START Study material
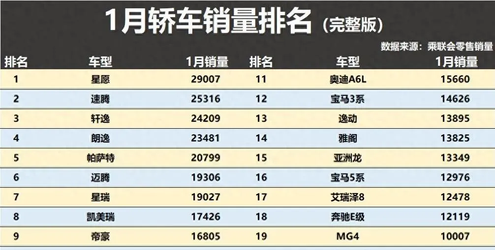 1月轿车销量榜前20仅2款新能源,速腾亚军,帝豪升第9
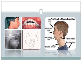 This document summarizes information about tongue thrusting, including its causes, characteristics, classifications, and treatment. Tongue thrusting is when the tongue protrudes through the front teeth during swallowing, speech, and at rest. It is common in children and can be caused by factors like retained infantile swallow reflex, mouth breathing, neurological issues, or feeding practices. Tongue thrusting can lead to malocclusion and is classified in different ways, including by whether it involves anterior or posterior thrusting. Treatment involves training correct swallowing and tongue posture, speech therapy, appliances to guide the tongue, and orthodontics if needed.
END Study material
START Study material
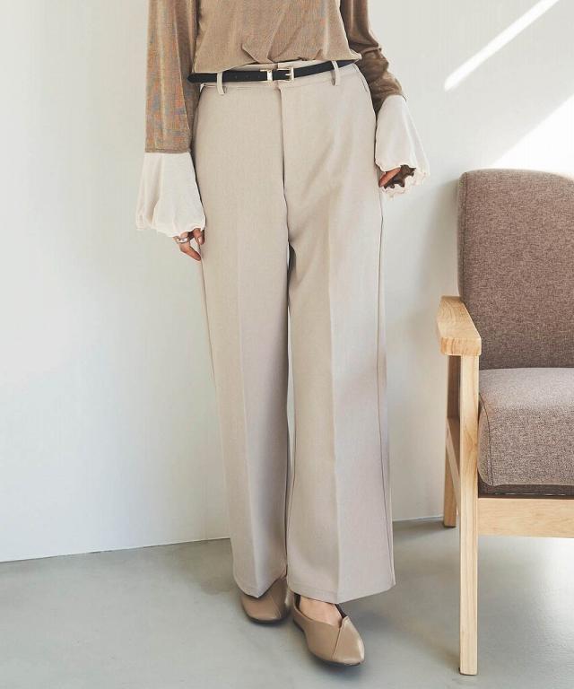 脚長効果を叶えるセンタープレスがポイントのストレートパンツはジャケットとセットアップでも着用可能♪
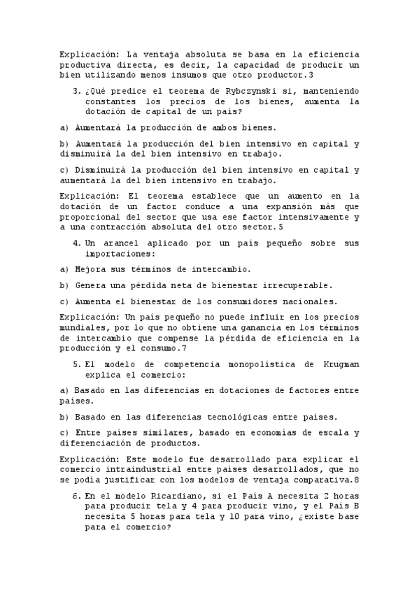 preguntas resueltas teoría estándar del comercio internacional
END Study material
#### Task directions
Word for word, write out the lines above running from the one with "1月轿车销量榜前20仅2款新能源,速腾亚军,帝豪升第9" up to and including the one with "This document summarizes". Drop any picture.

#### Answer below
 1月轿车销量榜前20仅2款新能源,速腾亚军,帝豪升第9
 This document summarizes information about tongue thrusting, including its causes, characteristics, classifications, and treatment. Tongue thrusting is when the tongue protrudes through the front teeth during swallowing, speech, and at rest. It is common in children and can be caused by factors like retained infantile swallow reflex, mouth breathing, neurological issues, or feeding practices. Tongue thrusting can lead to malocclusion and is classified in different ways, including by whether it involves anterior or posterior thrusting. Treatment involves training correct swallowing and tongue posture, speech therapy, appliances to guide the tongue, and orthodontics if needed.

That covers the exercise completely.